2. The method according to claim 1, characterized in that, The kitchen appliance is equipped with a first temperature detection unit and a second temperature detection unit at its top and bottom, respectively. The first temperature detection unit is used to collect the current temperature when the heating unit in the first position is turned on, and the second temperature detection unit is used to collect the current temperature when the heating unit in the second position is turned on. The determination of the activation duration of each heating unit under the target combination mode within each cooking cycle includes: Obtain the deviation between the current temperature and the initial set temperature collected by the temperature detection unit corresponding to each heating unit; The operating time of each heating unit within each cooking cycle is determined based on the deviation value.
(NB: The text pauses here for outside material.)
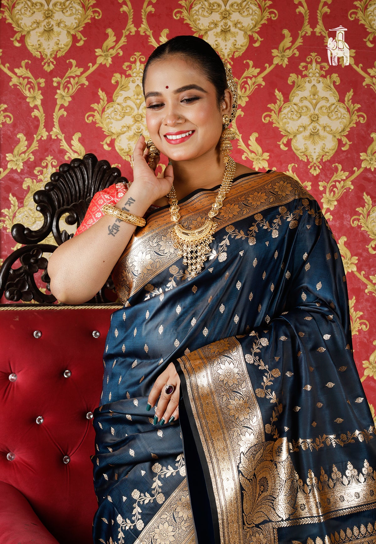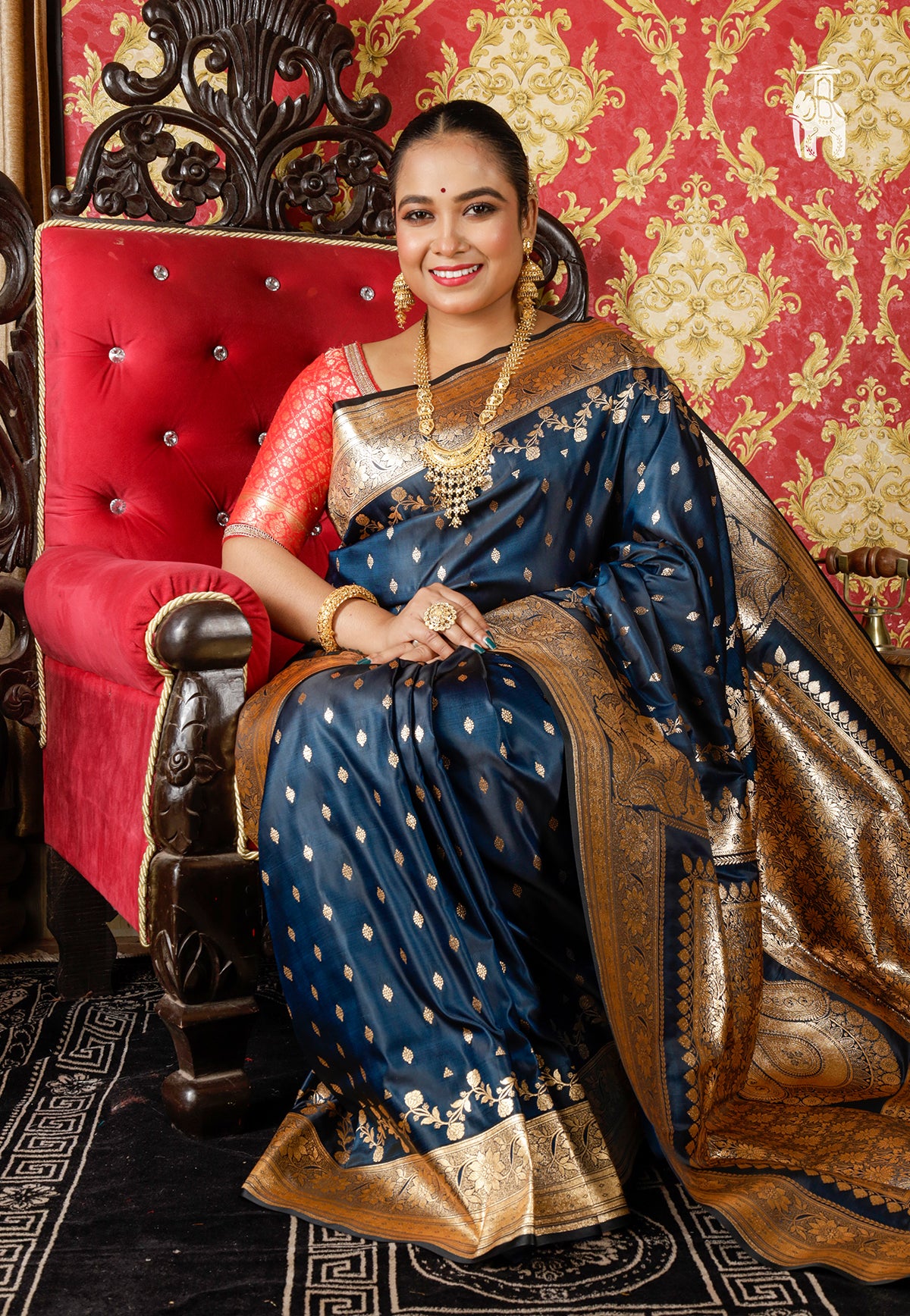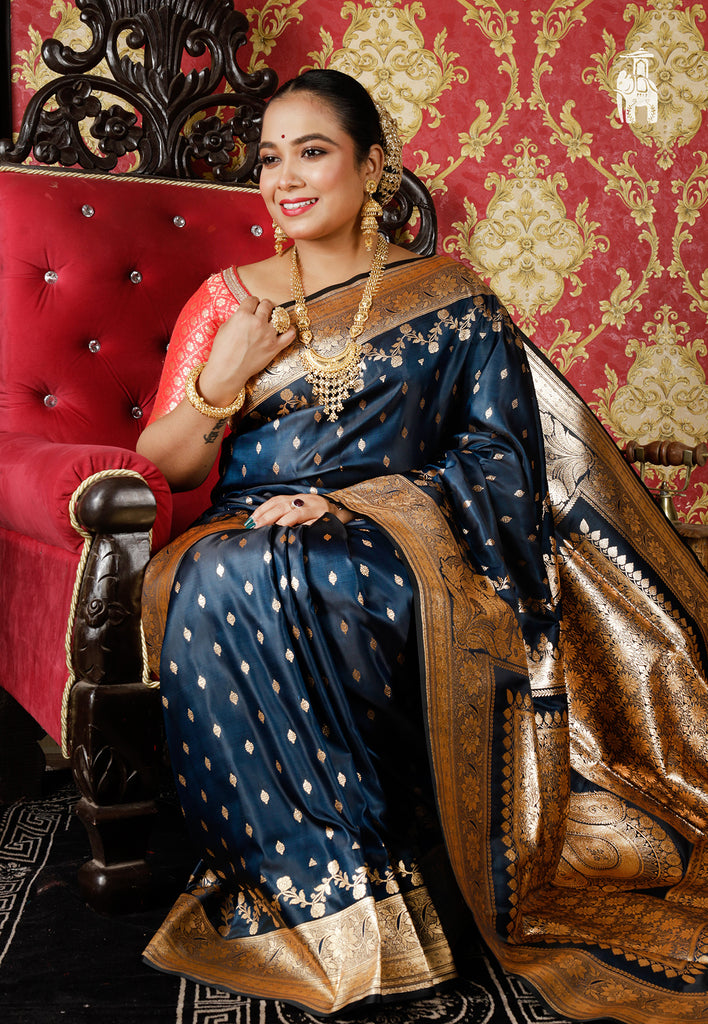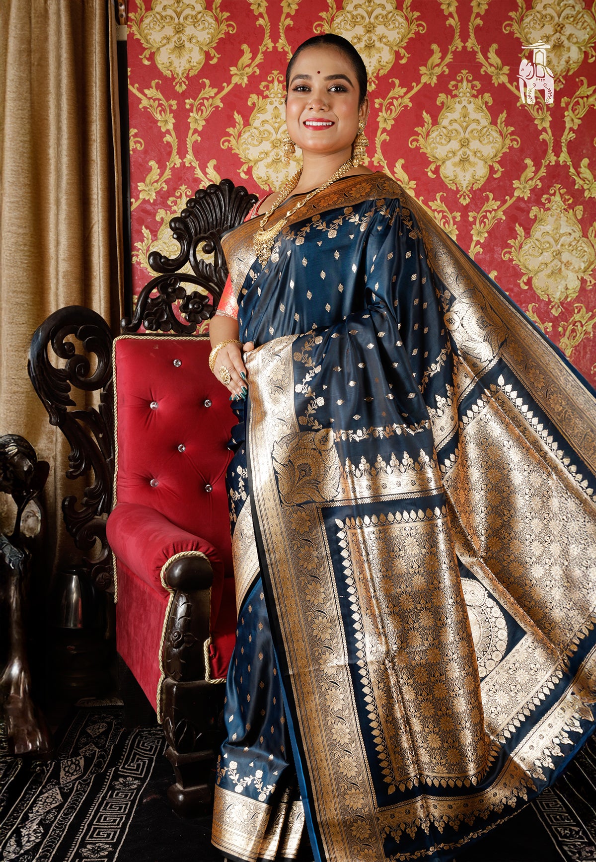 Celebrate your wedding function in this luxurious Blue Satin Katan Banarasi Saree, exclusively from the wedding collection of Legacy of Bhojraj.

3. The method according to claim 2, characterized in that, The determination of the operating duration of each heating unit within each cooking cycle based on the deviation value includes: Based on the deviation value, the initial start-up time of each heating unit is calculated using a preset start-up time calculation formula, which is: Txi=Kpx*(We-Tyi)+Kix*Sx+Kdx*(ΔTyi-ΔTyi-1) Where i is the temperature acquisition sequence within each cooking cycle; Kpx is the proportional coefficient constant of heating unit x; Kix is ​​the integral coefficient constant of heating unit x; Kdx is the differential coefficient constant of heating unit x; Tyi is the current temperature of temperature detection unit y; We is the initial set temperature; Sx is the sum of the temperature deviations between the initial set temperature and the current temperature of temperature detection unit y; ΔTyi is the deviation value between the initial set temperature and the current temperature of temperature detection unit y. If the initial start-up duration is greater than 0 and less than or equal to the cooking cycle, then the start-up duration of the heating unit is determined to be the initial start-up duration. If the initial start-up time is longer than the cooking cycle, then the start-up time of the heating unit is determined to be the duration of a single cooking cycle.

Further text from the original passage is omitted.